START INPUT MATERIAL

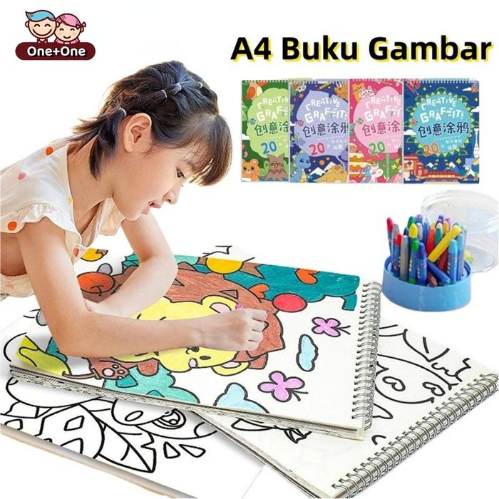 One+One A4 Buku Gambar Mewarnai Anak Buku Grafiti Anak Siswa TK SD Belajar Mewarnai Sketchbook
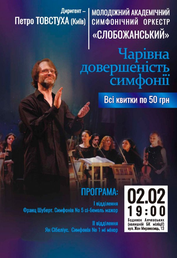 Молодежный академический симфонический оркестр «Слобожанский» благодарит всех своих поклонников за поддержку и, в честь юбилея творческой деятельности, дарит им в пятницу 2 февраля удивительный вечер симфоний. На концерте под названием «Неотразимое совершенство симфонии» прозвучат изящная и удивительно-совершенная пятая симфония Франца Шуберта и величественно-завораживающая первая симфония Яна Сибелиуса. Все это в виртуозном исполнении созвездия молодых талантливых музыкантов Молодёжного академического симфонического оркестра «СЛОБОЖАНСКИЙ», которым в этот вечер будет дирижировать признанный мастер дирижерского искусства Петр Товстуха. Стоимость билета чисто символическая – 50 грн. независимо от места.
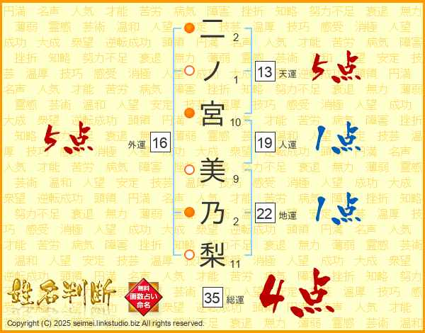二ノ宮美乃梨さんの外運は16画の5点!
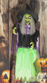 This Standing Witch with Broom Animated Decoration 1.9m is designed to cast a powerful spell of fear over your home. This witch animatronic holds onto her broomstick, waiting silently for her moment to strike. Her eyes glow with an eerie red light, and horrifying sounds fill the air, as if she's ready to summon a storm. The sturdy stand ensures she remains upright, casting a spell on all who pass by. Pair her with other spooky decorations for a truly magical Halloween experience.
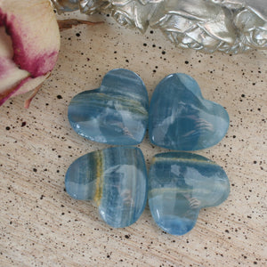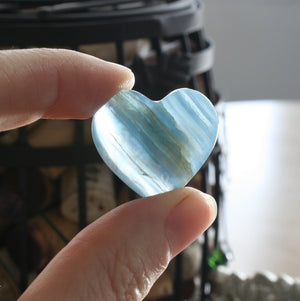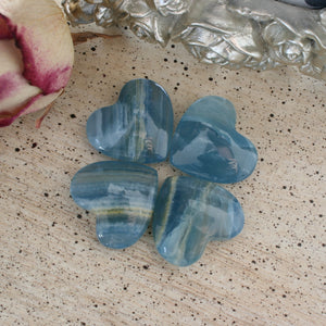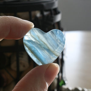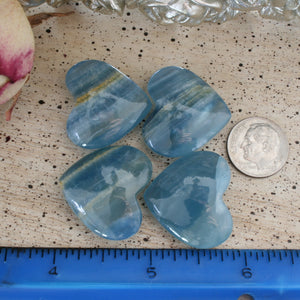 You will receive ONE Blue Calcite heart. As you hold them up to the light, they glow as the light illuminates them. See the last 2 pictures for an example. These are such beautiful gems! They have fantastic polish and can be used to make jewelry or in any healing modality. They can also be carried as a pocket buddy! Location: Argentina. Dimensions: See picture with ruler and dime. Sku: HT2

END INPUT MATERIAL

WHAT TO PRODUCE:
Copy all records exactly, no images.

SOLUTION FOR THIS EXERCISE:
 One+One A4 Buku Gambar Mewarnai Anak Buku Grafiti Anak Siswa TK SD Belajar Mewarnai Sketchbook
 Молодежный академический симфонический оркестр «Слобожанский» благодарит всех своих поклонников за поддержку и, в честь юбилея творческой деятельности, дарит им в пятницу 2 февраля удивительный вечер симфоний. На концерте под названием «Неотразимое совершенство симфонии» прозвучат изящная и удивительно-совершенная пятая симфония Франца Шуберта и величественно-завораживающая первая симфония Яна Сибелиуса. Все это в виртуозном исполнении созвездия молодых талантливых музыкантов Молодёжного академического симфонического оркестра «СЛОБОЖАНСКИЙ», которым в этот вечер будет дирижировать признанный мастер дирижерского искусства Петр Товстуха. Стоимость билета чисто символическая – 50 грн. независимо от места.
二ノ宮美乃梨さんの外運は16画の5点!
 This Standing Witch with Broom Animated Decoration 1.9m is designed to cast a powerful spell of fear over your home. This witch animatronic holds onto her broomstick, waiting silently for her moment to strike. Her eyes glow with an eerie red light, and horrifying sounds fill the air, as if she's ready to summon a storm. The sturdy stand ensures she remains upright, casting a spell on all who pass by. Pair her with other spooky decorations for a truly magical Halloween experience.
 You will receive ONE Blue Calcite heart. As you hold them up to the light, they glow as the light illuminates them. See the last 2 pictures for an example. These are such beautiful gems! They have fantastic polish and can be used to make jewelry or in any healing modality. They can also be carried as a pocket buddy! Location: Argentina. Dimensions: See picture with ruler and dime. Sku: HT2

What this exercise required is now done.